穆湘玥没有正式学历,这是进国外大学的一种阻碍,为了补救这一缺陷,他进了万国函授学校,专攻英语和数学。1909年,三十三岁,穆湘玥离开中国去美国,他的亲友资助他的旅费,他在海关时的一个同事帮他进了威斯康星大学当了一名特别生。这一学年,他成绩很好,遂于1910年取得正式学籍。他又从江苏省得到官费补助,得以免除经济上的困窘而全力攻读。1911年,他转入伊利诺斯大学,1913年毕业,获得农业学士学位,接着又进得克萨斯大学学习纺织专业,1914年获得硕士学位。
1914年夏穆湘玥回国后准备创办棉纱厂,当时国内的棉纺业大都操在英国资本手中,因英国的注意力转向第一次世界大战,穆湘玥趁机于1915年在上海创办了厚生纱厂。一年后又创办了规模更大的德大股份公司纱厂。由于纱厂生产扩展,棉花的供应除附近的崇明、通州之外,需要其他地区补充。穆湘玥懂得工厂企业应该设在原料生产和集散地区,于是决定在河南郑州设立德大分厂,但有一些股东加以阻难,他们对近代工业的经营方法毫无所知,不允许远离他们活动的基地上海去别处设厂。穆湘玥就决定在河南独资开厂。1920年,豫丰纱厂投产,由于邻近原料供应地,和容易取得廉价劳动力,纱厂迅速得到发展。同时,穆湘玥开始试验用不同品种的棉花,他在厚生纱厂附近租了十亩地,种植从美国乔治亚州引进的棉种,并且对这种海岛棉和其他棉种的生长情况进行仔细观察。
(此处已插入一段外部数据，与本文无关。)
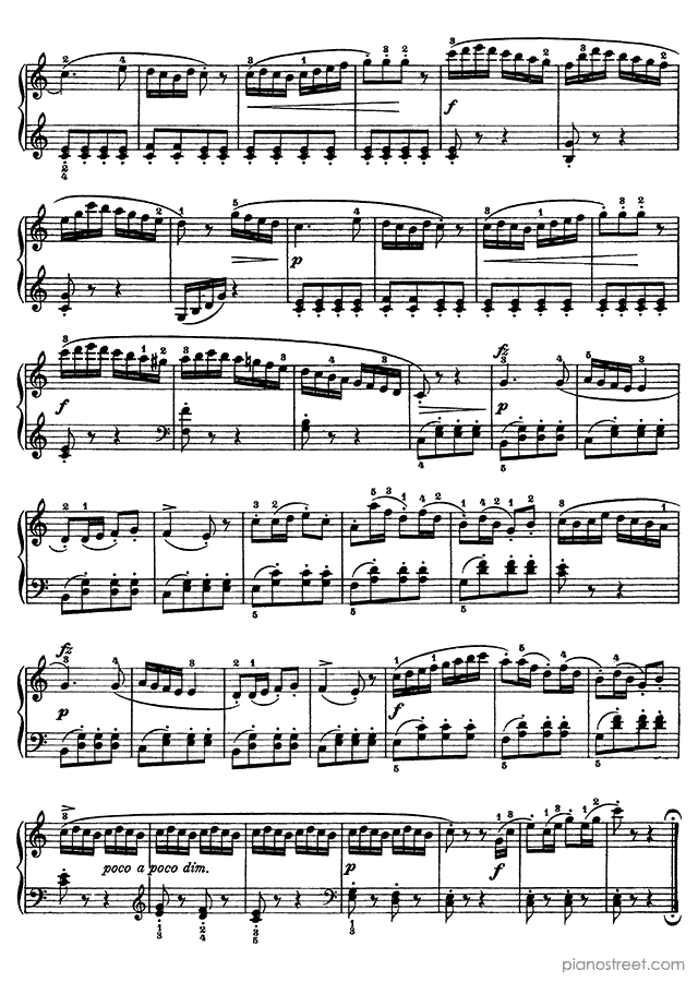 Clementi’s “Six Progressive Sonatinas for the Piano Forte” Op. 36 were published in 1797 and revised in 1820. They offer the intermediate student a series of delightful little pieces to use for developing their talents, ordered in gently escalating difficulty. Today, they rank among Clementi’s most well-known works, remaining a staple in the teaching repertoire all over the world.Forum posts about this piece:

1920年,穆湘玥由于在上海协助创办了纱布交易所(一名中国棉织品交易所),而对中国的棉纺工业作出很大贡献,他任交易所理事长至1926年。穆湘玥在1920年由北洋政府总统徐世昌聘为名誉实业顾问。他于1920年间在河南及其周围地区从事的救灾活动,使他更加看到那个地区的发展潜力。1921年,他的活动又伸展到另一行业,创办了劝工银行以促进实业。下一年,他以上海中国商会代表身份,出席檀香山召开的太平洋商业会议。
由于重新遭到英日资本的竞争,在第一次世界大战期间繁荣一时的华商纱厂在1923年前后赢利开始下降。德大纱厂处于严重的经济困境,穆湘玥想增加投资,保守的股东们反对他,穆湘玥遂辞去公司职务。中国纺织业继续衰落,穆湘玥失去了河南的豫丰纱厂,但他力图保持厚生纱厂,并运用纱布交易所理事长的职务给以支助。在这些艰苦的年月,他从佛教找到了慰籍,他于1923年经太虚法师启悟皈依佛教。他清晰地回想起他为了寻求现代教育所经历的艰难,就出资帮助一些学生出国留学,这些青年人中有罗家伦、段锡朋和经济学家方显庭等人。
1928年10月到1931年7月,穆湘玥在国民政府任职,在孔祥熙手下当政务次长,以后又回到上海。1937年7月中日战争爆发后他与一些中国要人住在上海租界,组织公民联盟,为抗战募集款项。此后他去重庆,在行政院农业改进会任职,1940年国民政府设立花纱布统制局,穆湘玥任局长,至1942年去世为止。